Required work
In the copy, keep every line below as it is and leave out the pictures.

Supplied records

*-*-*

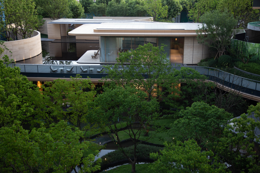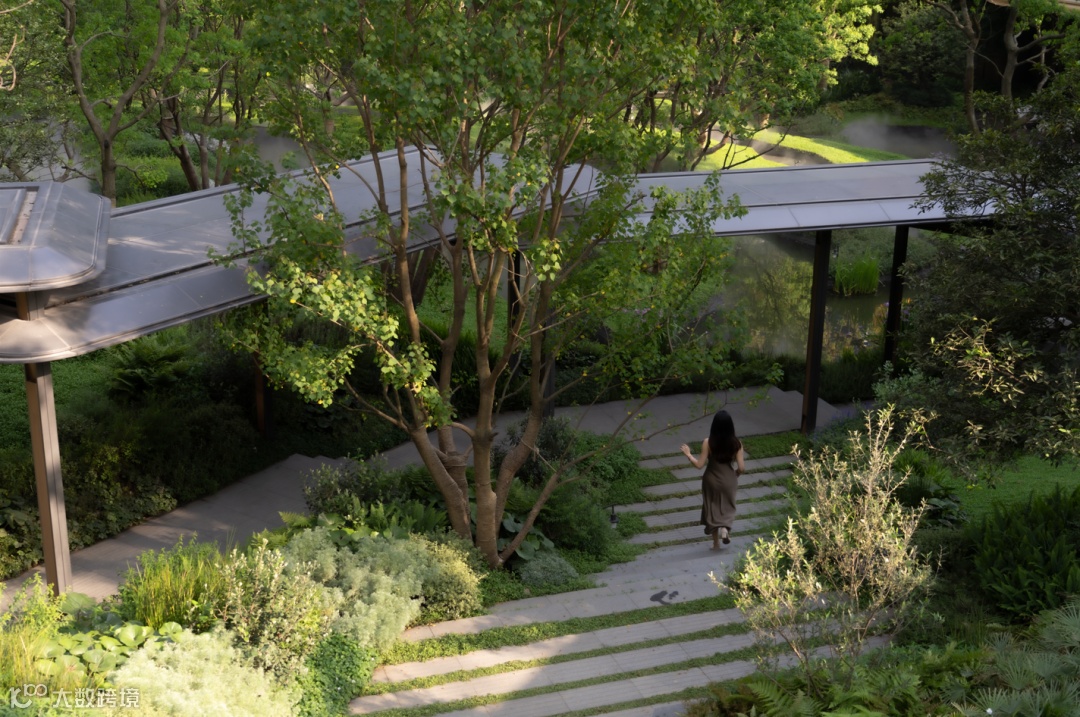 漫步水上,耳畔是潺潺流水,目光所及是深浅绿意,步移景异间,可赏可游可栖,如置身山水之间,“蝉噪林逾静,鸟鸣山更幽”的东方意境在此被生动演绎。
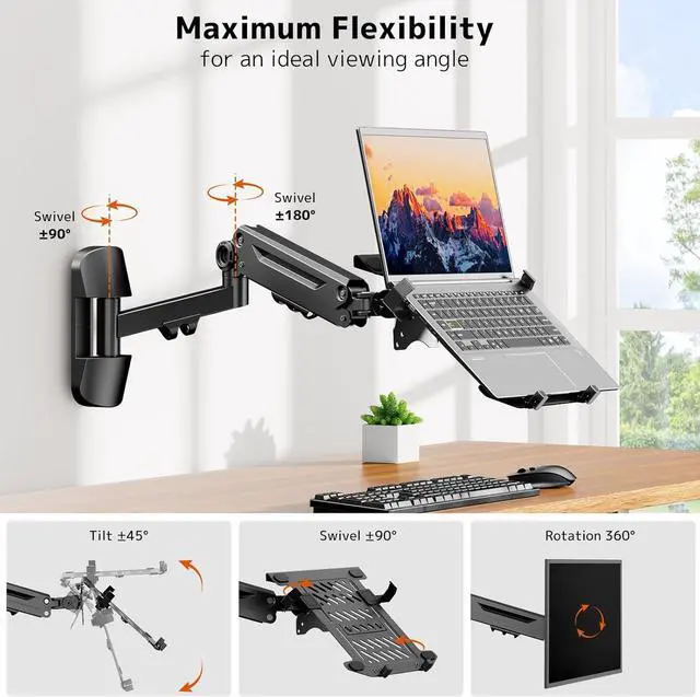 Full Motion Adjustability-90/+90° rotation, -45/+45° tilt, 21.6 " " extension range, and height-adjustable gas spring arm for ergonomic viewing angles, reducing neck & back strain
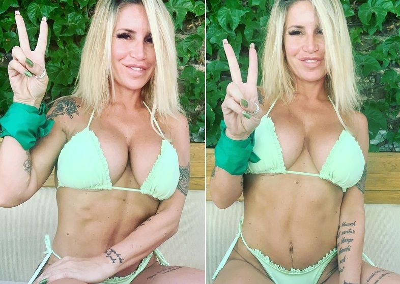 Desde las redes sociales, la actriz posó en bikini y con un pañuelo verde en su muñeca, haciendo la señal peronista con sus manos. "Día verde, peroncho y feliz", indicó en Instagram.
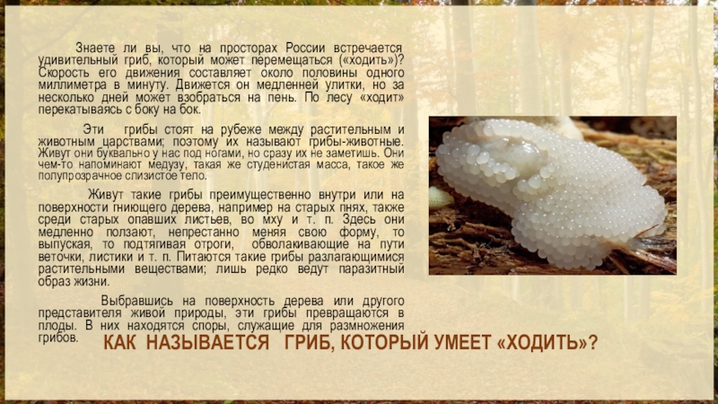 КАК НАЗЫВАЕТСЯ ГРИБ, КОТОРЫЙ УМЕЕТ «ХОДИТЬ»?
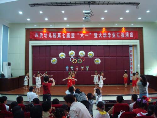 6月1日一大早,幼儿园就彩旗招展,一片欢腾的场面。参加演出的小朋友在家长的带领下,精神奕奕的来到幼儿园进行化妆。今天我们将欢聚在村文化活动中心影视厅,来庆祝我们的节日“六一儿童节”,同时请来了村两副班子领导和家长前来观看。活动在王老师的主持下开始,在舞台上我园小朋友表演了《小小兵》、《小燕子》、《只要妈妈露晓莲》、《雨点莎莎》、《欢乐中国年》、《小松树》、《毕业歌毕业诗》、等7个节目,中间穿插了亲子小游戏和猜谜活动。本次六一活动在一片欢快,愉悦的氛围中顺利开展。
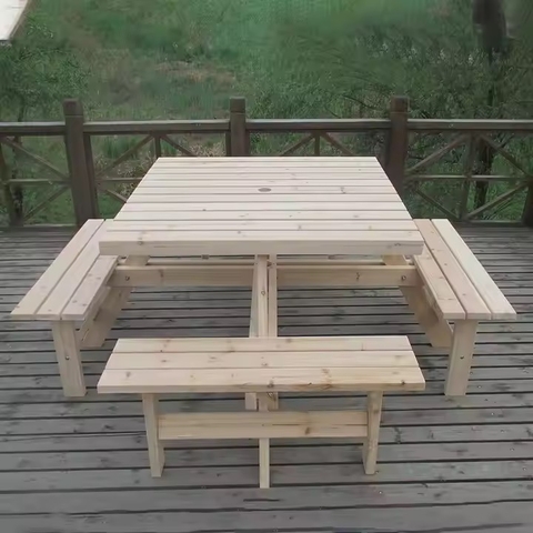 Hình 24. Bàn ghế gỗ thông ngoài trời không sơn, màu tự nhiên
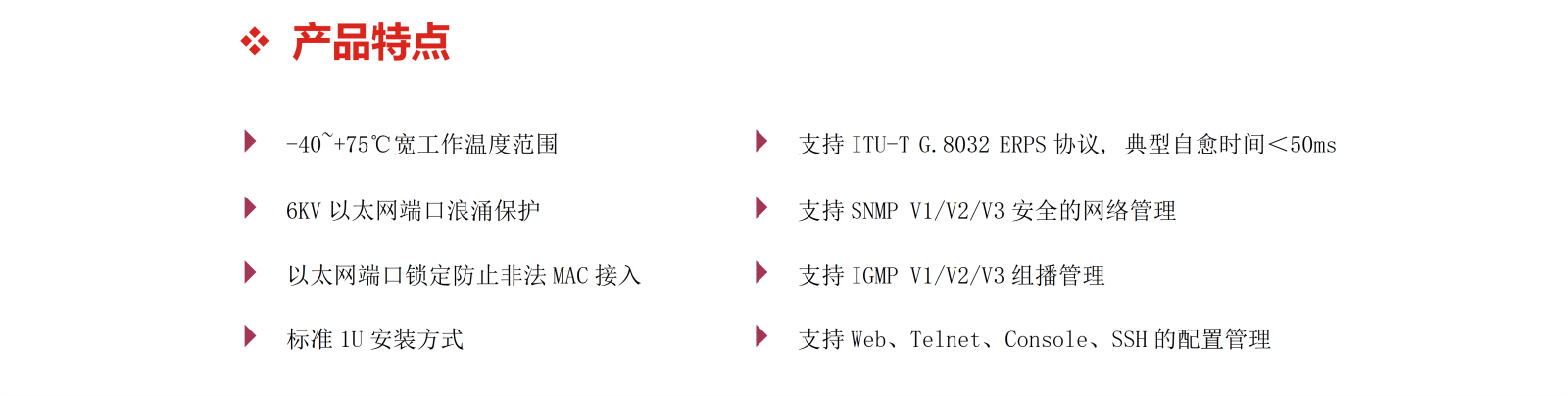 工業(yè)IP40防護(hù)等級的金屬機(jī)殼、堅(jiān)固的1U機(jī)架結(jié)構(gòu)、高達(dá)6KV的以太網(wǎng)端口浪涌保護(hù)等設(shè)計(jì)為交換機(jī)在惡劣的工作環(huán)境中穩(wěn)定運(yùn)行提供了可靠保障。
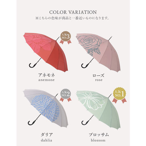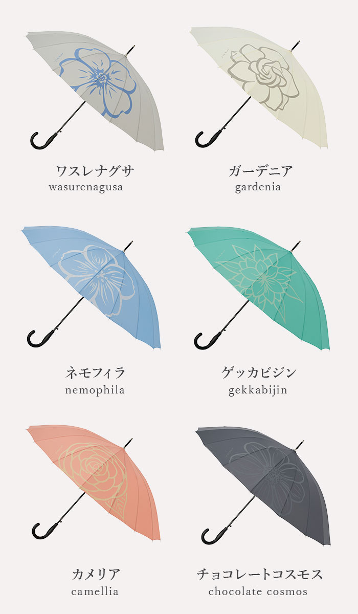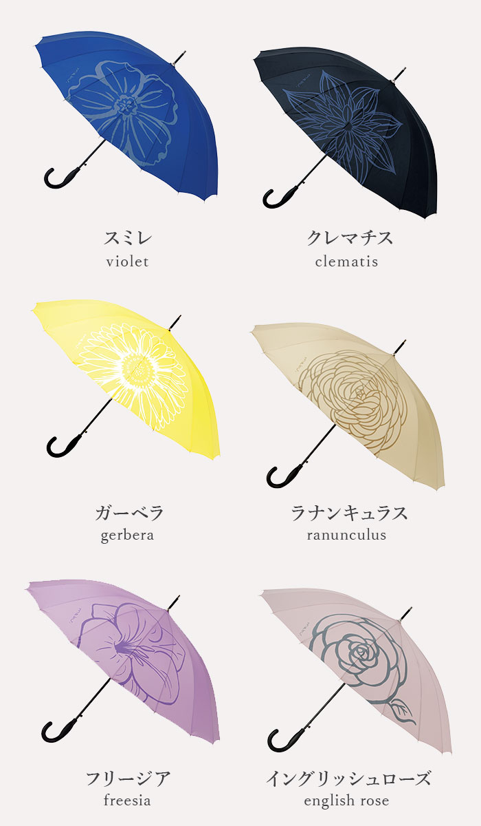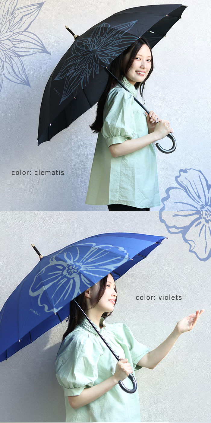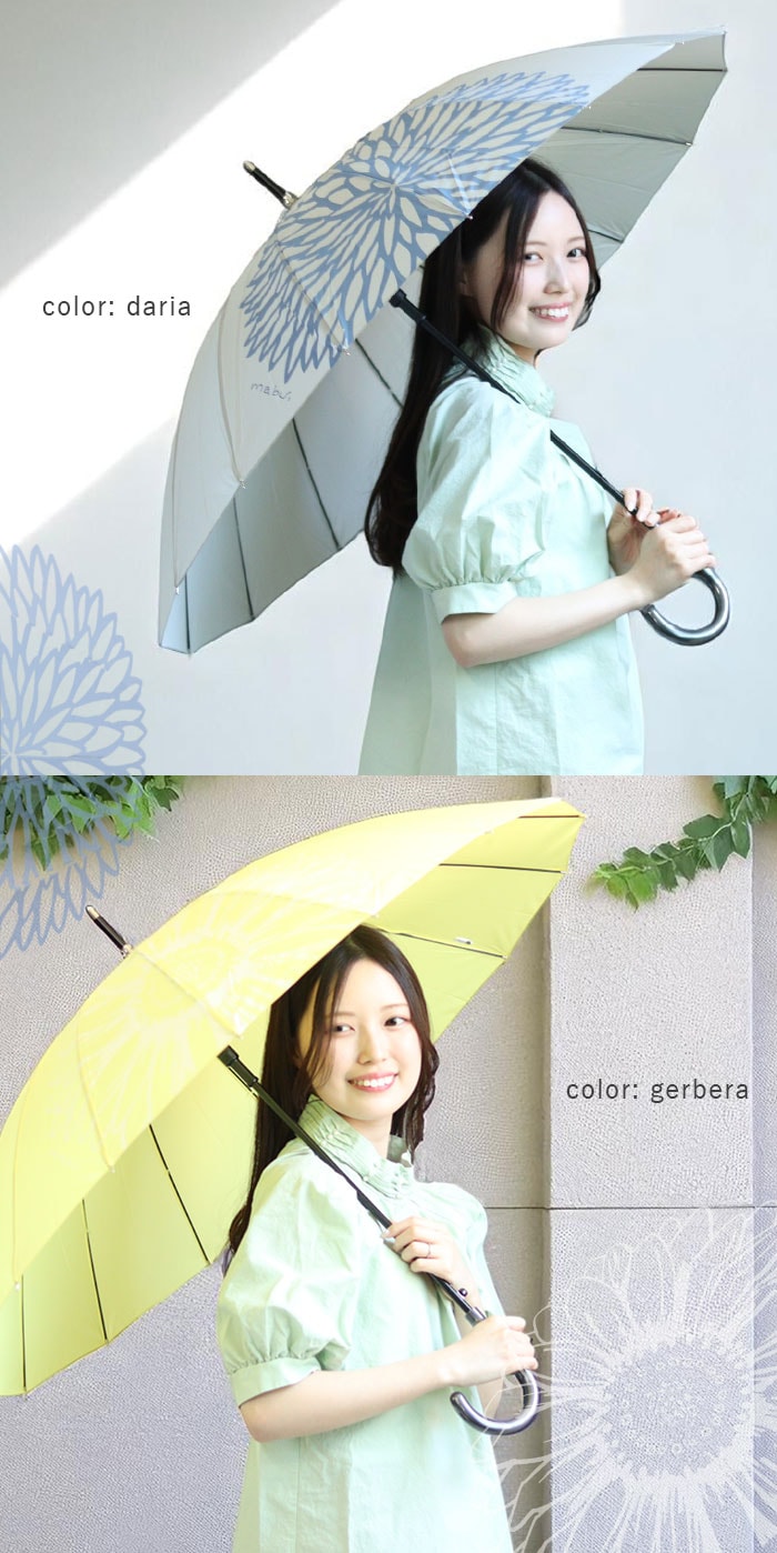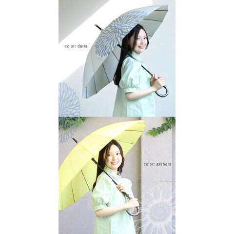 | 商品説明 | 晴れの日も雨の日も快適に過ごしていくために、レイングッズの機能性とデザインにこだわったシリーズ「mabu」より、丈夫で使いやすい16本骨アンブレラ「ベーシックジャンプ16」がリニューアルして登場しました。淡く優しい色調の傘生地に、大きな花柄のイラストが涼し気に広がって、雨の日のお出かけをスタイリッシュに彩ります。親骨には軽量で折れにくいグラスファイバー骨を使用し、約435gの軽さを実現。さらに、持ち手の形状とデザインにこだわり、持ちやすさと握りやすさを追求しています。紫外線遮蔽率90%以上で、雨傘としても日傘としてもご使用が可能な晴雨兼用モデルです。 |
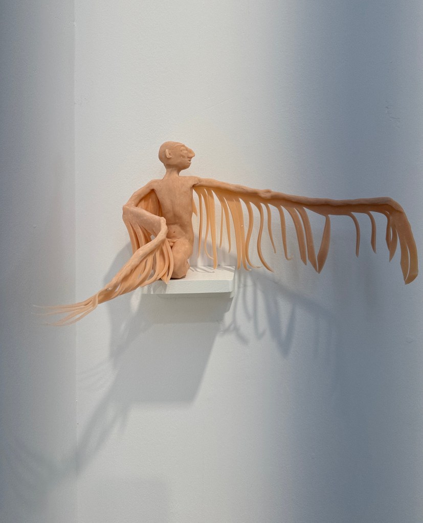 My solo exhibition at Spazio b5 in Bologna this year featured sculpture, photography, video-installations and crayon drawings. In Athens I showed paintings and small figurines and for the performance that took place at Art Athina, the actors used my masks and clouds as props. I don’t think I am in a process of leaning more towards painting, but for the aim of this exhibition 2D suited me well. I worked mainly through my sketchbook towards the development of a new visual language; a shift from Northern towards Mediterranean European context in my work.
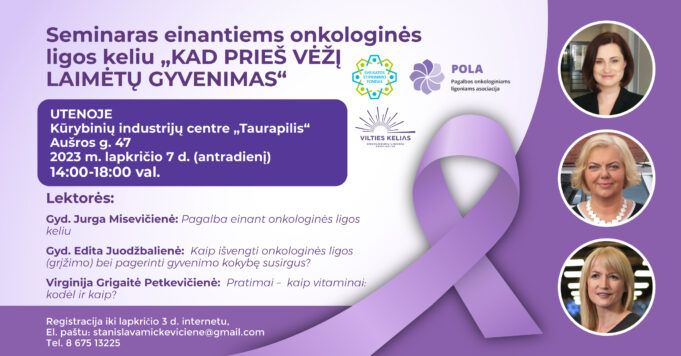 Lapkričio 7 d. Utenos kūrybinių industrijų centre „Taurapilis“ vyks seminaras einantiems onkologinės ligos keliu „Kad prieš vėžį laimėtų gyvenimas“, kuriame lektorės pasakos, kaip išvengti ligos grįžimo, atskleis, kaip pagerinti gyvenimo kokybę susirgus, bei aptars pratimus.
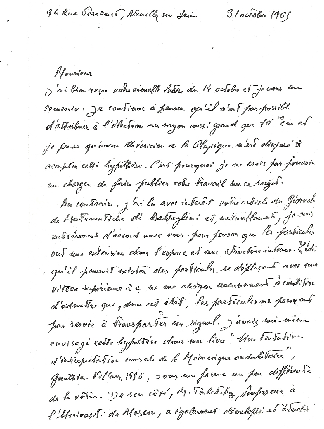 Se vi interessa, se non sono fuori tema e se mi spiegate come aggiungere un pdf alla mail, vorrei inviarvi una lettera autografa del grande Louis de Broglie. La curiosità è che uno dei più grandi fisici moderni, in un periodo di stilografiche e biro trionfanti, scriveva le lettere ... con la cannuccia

*-*-*

Completed task
 漫步水上,耳畔是潺潺流水,目光所及是深浅绿意,步移景异间,可赏可游可栖,如置身山水之间,“蝉噪林逾静,鸟鸣山更幽”的东方意境在此被生动演绎。
 Full Motion Adjustability-90/+90° rotation, -45/+45° tilt, 21.6 " " extension range, and height-adjustable gas spring arm for ergonomic viewing angles, reducing neck & back strain
 Desde las redes sociales, la actriz posó en bikini y con un pañuelo verde en su muñeca, haciendo la señal peronista con sus manos. "Día verde, peroncho y feliz", indicó en Instagram.
 КАК НАЗЫВАЕТСЯ ГРИБ, КОТОРЫЙ УМЕЕТ «ХОДИТЬ»?
 6月1日一大早,幼儿园就彩旗招展,一片欢腾的场面。参加演出的小朋友在家长的带领下,精神奕奕的来到幼儿园进行化妆。今天我们将欢聚在村文化活动中心影视厅,来庆祝我们的节日“六一儿童节”,同时请来了村两副班子领导和家长前来观看。活动在王老师的主持下开始,在舞台上我园小朋友表演了《小小兵》、《小燕子》、《只要妈妈露晓莲》、《雨点莎莎》、《欢乐中国年》、《小松树》、《毕业歌毕业诗》、等7个节目,中间穿插了亲子小游戏和猜谜活动。本次六一活动在一片欢快,愉悦的氛围中顺利开展。
 Hình 24. Bàn ghế gỗ thông ngoài trời không sơn, màu tự nhiên
 工業(yè)IP40防護(hù)等級的金屬機(jī)殼、堅(jiān)固的1U機(jī)架結(jié)構(gòu)、高達(dá)6KV的以太網(wǎng)端口浪涌保護(hù)等設(shè)計(jì)為交換機(jī)在惡劣的工作環(huán)境中穩(wěn)定運(yùn)行提供了可靠保障。
 | 商品説明 | 晴れの日も雨の日も快適に過ごしていくために、レイングッズの機能性とデザインにこだわったシリーズ「mabu」より、丈夫で使いやすい16本骨アンブレラ「ベーシックジャンプ16」がリニューアルして登場しました。淡く優しい色調の傘生地に、大きな花柄のイラストが涼し気に広がって、雨の日のお出かけをスタイリッシュに彩ります。親骨には軽量で折れにくいグラスファイバー骨を使用し、約435gの軽さを実現。さらに、持ち手の形状とデザインにこだわり、持ちやすさと握りやすさを追求しています。紫外線遮蔽率90%以上で、雨傘としても日傘としてもご使用が可能な晴雨兼用モデルです。 |
 My solo exhibition at Spazio b5 in Bologna this year featured sculpture, photography, video-installations and crayon drawings. In Athens I showed paintings and small figurines and for the performance that took place at Art Athina, the actors used my masks and clouds as props. I don’t think I am in a process of leaning more towards painting, but for the aim of this exhibition 2D suited me well. I worked mainly through my sketchbook towards the development of a new visual language; a shift from Northern towards Mediterranean European context in my work.
 Lapkričio 7 d. Utenos kūrybinių industrijų centre „Taurapilis“ vyks seminaras einantiems onkologinės ligos keliu „Kad prieš vėžį laimėtų gyvenimas“, kuriame lektorės pasakos, kaip išvengti ligos grįžimo, atskleis, kaip pagerinti gyvenimo kokybę susirgus, bei aptars pratimus.
 Se vi interessa, se non sono fuori tema e se mi spiegate come aggiungere un pdf alla mail, vorrei inviarvi una lettera autografa del grande Louis de Broglie. La curiosità è che uno dei più grandi fisici moderni, in un periodo di stilografiche e biro trionfanti, scriveva le lettere ... con la cannuccia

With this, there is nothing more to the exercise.